Processing the second fused feature vector matrix of the image to obtain a third scale feature vector matrix of the image comprises: and inputting the second fused feature vector matrix of the image to a third global average pooling layer, and pooling the second fused feature vector matrix of the image through the third global average pooling layer to obtain a third scale feature vector matrix of the image.

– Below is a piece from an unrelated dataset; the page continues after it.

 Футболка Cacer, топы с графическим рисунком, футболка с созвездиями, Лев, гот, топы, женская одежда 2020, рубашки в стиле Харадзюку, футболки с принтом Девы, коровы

6. The method of claim 1, wherein locating a target object from at least one of the re-identified objects based on the multi-scale feature vector matrix of the image of the particular object and the multi-scale feature vector matrix of the image of the at least one of the re-identified objects comprises:

determining the similarity between the specific object and each re-identified object according to the multi-scale feature vector matrix of the image of the specific object and the multi-scale feature vector matrix of the image of at least one re-identified object;

and locating a target object from at least one re-identification object according to the similarity between the specific object and each re-identification object.

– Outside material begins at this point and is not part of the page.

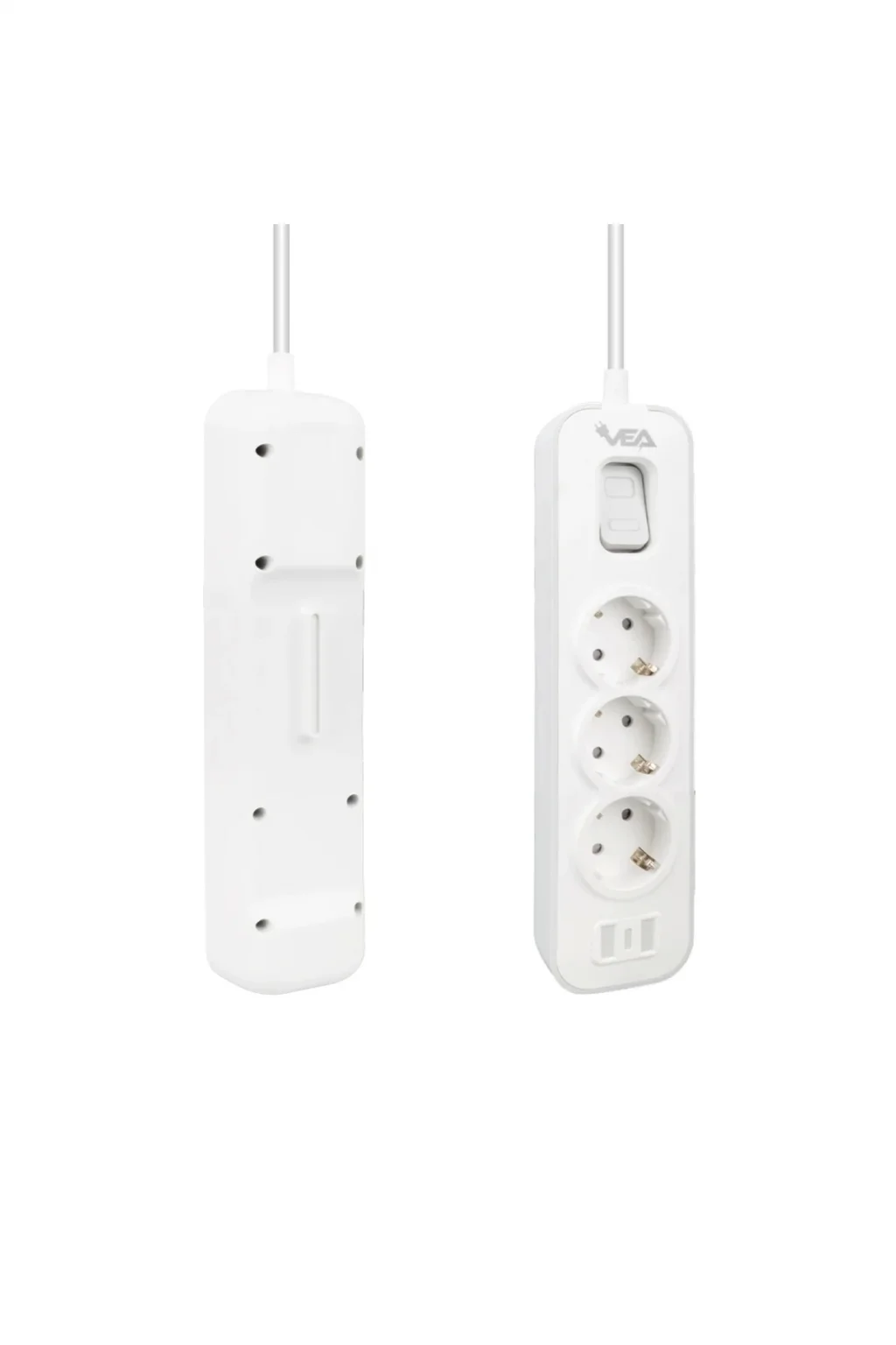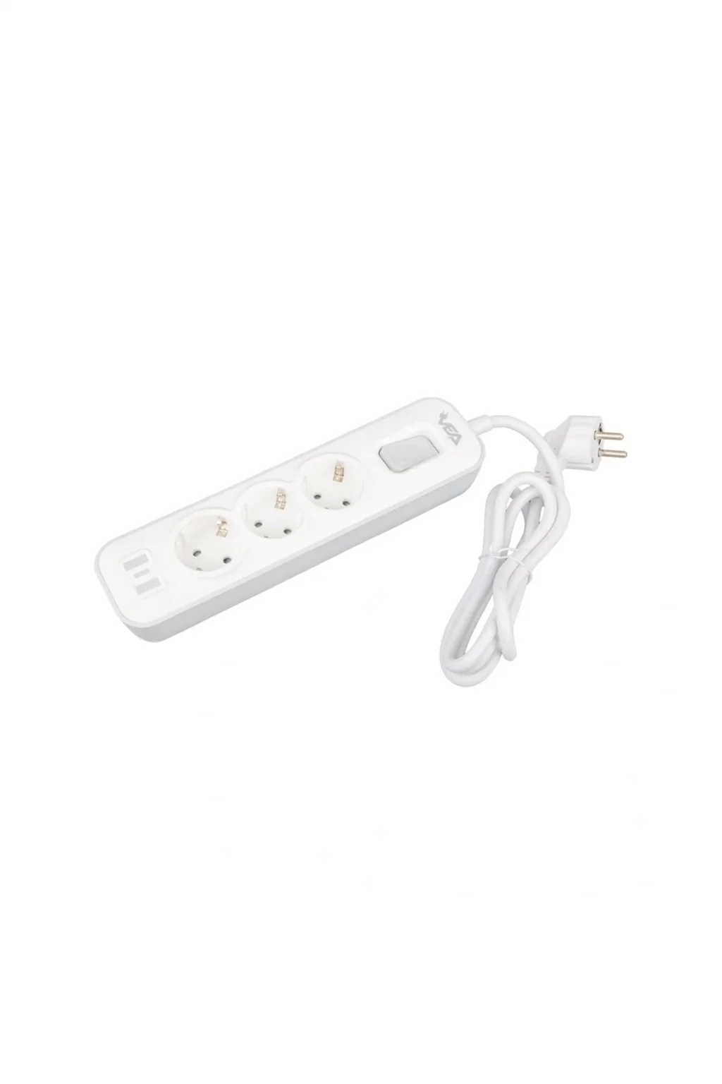 Genel Ürün Beşli enerji koruma prizi +2 usb-Beyaz

7. A multi-scale feature processing apparatus for an image, the apparatus comprising:

An acquisition module for acquiring a feature map of an image, the image comprising an image of a specific object and an image of at least one re-identified object;

the first processing module is used for processing the feature map of the image to obtain a first scale feature vector matrix of the image;

the second processing module is used for processing the first fusion feature vector matrix of the image to obtain a second scale feature vector matrix of the image, and the first fusion feature vector matrix of the image is determined based on the feature vector matrix output by the bottleneck layer and the feature map of the image;

the third processing module is used for processing the second fusion feature vector matrix of the image to obtain a third scale feature vector matrix of the image, and the second fusion feature vector matrix of the image is determined based on the feature vector matrix output by the bottleneck layer and the first fusion feature vector matrix of the image;

a determining module, configured to determine a multi-scale feature vector matrix of the image according to a first scale feature vector matrix of the image, a second scale feature vector matrix of the image, and a third scale feature vector matrix of the image;

The circulation module is used for acquiring a multi-scale feature vector matrix of the image of the specific object and a multi-scale feature vector matrix of the image of the at least one re-identification object in a circulation mode, and positioning a target object from the at least one re-identification object according to the multi-scale feature vector matrix of the image of the specific object and the multi-scale feature vector matrix of the image of the at least one re-identification object;

the multi-scale feature processing device of the image is further configured to, prior to acquiring the feature map of the image:

8. An electronic device comprising a memory, a processor and a computer program stored in the memory and executable on the processor, characterized in that the processor implements the steps of the method according to any of claims 1 to 6 when the computer program is executed.

9. A computer readable storage medium storing a computer program, characterized in that the computer program when executed by a processor implements the steps of the method according to any one of claims 1 to 6.